Setup Sentry AI Agent Monitoring Skill

All Skills > Feature Setup > AI Monitoring

Setup Sentry AI Agent Monitoring

Configure Sentry to track LLM calls, agent executions, tool usage, and token consumption.

Invoke This Skill When

User asks to "monitor AI/LLM calls" or "track OpenAI/Anthropic usage"
User wants "AI observability" or "agent monitoring"
User asks about token usage, model latency, or AI costs

Important: The SDK versions, API names, and code samples below are examples. Always verify against docs.sentry.io before implementing, as APIs and minimum versions may have changed.

Prerequisites

AI monitoring requires tracing enabled (tracesSampleRate > 0).

If the app has multi-turn chats, set a conversation ID by default anywhere it makes sense to identify a chat session. Sentry uses gen_ai.conversation.id to group related AI spans into Conversations.

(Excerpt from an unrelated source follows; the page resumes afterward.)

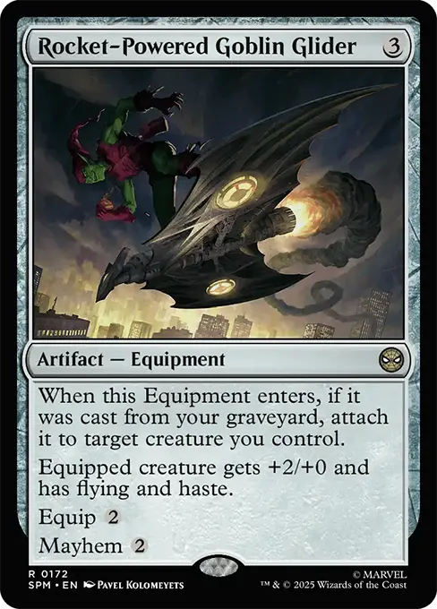 佩帶此武具的生物得+2/+0且具有飛行與敏捷異能。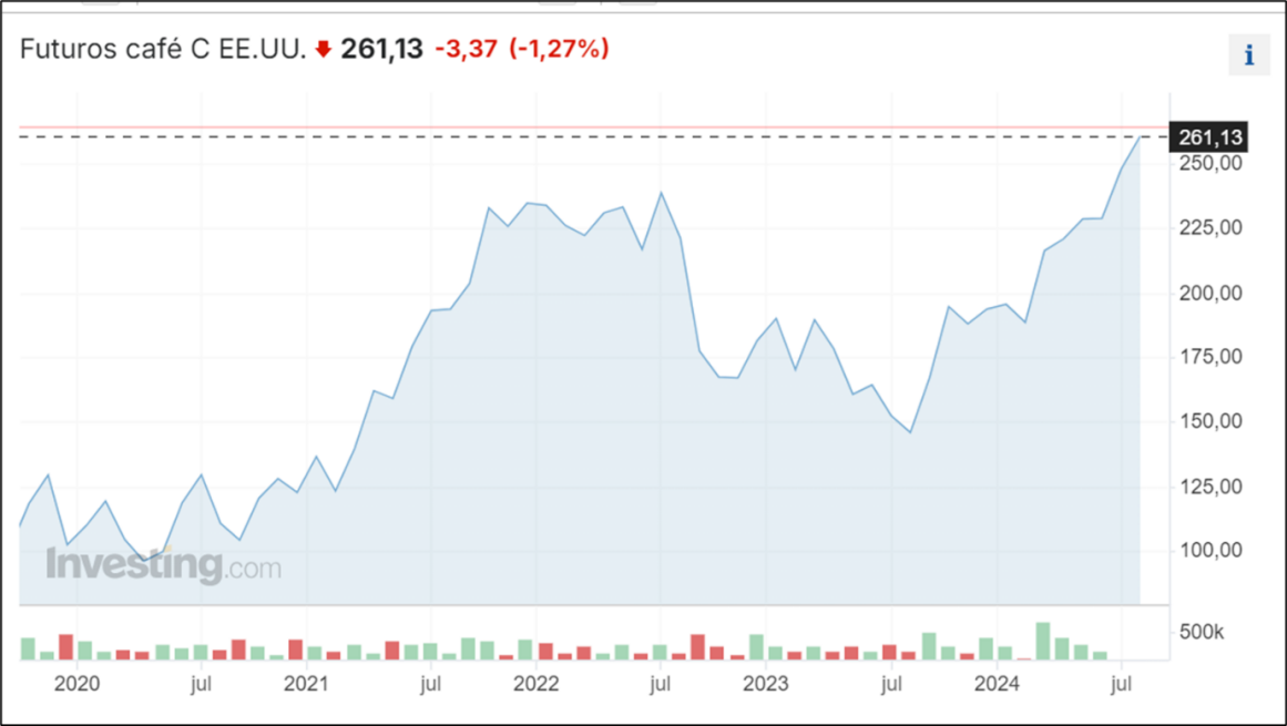 Tomado de Investing.com https://es.investing.com/commodities/us-coffee-c

Some integrations infer it automatically, but many setups need to set it explicitly.

Data Capture Warning

Prompt and output recording captures user content that is likely PII. In JavaScript, genAI input/output capture is on by default (governed by dataCollection.genAI); in Python it is enabled via send_default_pii=True; in Laravel it is enabled via SENTRY_SEND_DEFAULT_PII=true. Before relying on this capture (or per-integration overrides — recordInputs/recordOutputs in JS, include_prompts in Python), confirm:

The application's privacy policy permits capturing user prompts and model responses
Captured data complies with applicable regulations (GDPR, CCPA, etc.)
Sentry data retention settings are appropriate for the sensitivity of the data

Ask the user whether they want prompt/output capture enabled. Do not enable prompt/output capture without explicit confirmation. Use tracesSampleRate: 1.0 only in development; in production, use a lower value or a tracesSampler function.

Detection First

Always detect installed AI SDKs before configuring:

# JavaScript
grep -E '"(openai|@anthropic-ai/sdk|ai|@langchain|@google/genai)"' package.json

# Python
grep -E '(openai|anthropic|langchain|huggingface)' requirements.txt pyproject.toml 2>/dev/null

# PHP / Laravel
grep -E '"(laravel/ai|openai-php|openai/|anthropic|llm)' composer.json 2>/dev/null
ls artisan 2>/dev/null && echo "Laravel detected"

Sampling Check

After detecting AI SDKs, check the current sampling configuration:

# JavaScript
grep -E 'tracesSampleRate|tracesSampler' sentry.*.config.* instrument.* src/instrument.* app/instrument.* 2>/dev/null

# Python
grep -E 'traces_sample_rate|traces_sampler' *.py **/*.py 2>/dev/null

# PHP / Laravel
grep -E 'SENTRY_TRACES_SAMPLE_RATE|traces_sample_rate|traces_sampler' .env config/sentry.php 2>/dev/null

If tracesSampleRate / traces_sample_rate is below 1.0 AND no tracesSampler / traces_sampler is configured:

Ask the user:

"Your current sample rate is {rate}. Agent runs are sampled as complete span trees — if the root span is dropped, all child gen_ai spans are lost. For full AI visibility, gen_ai-related transactions should be sampled at 100%. Would you like me to set up a tracesSampler that keeps AI traces at 100% while sampling other traffic at your current rate?"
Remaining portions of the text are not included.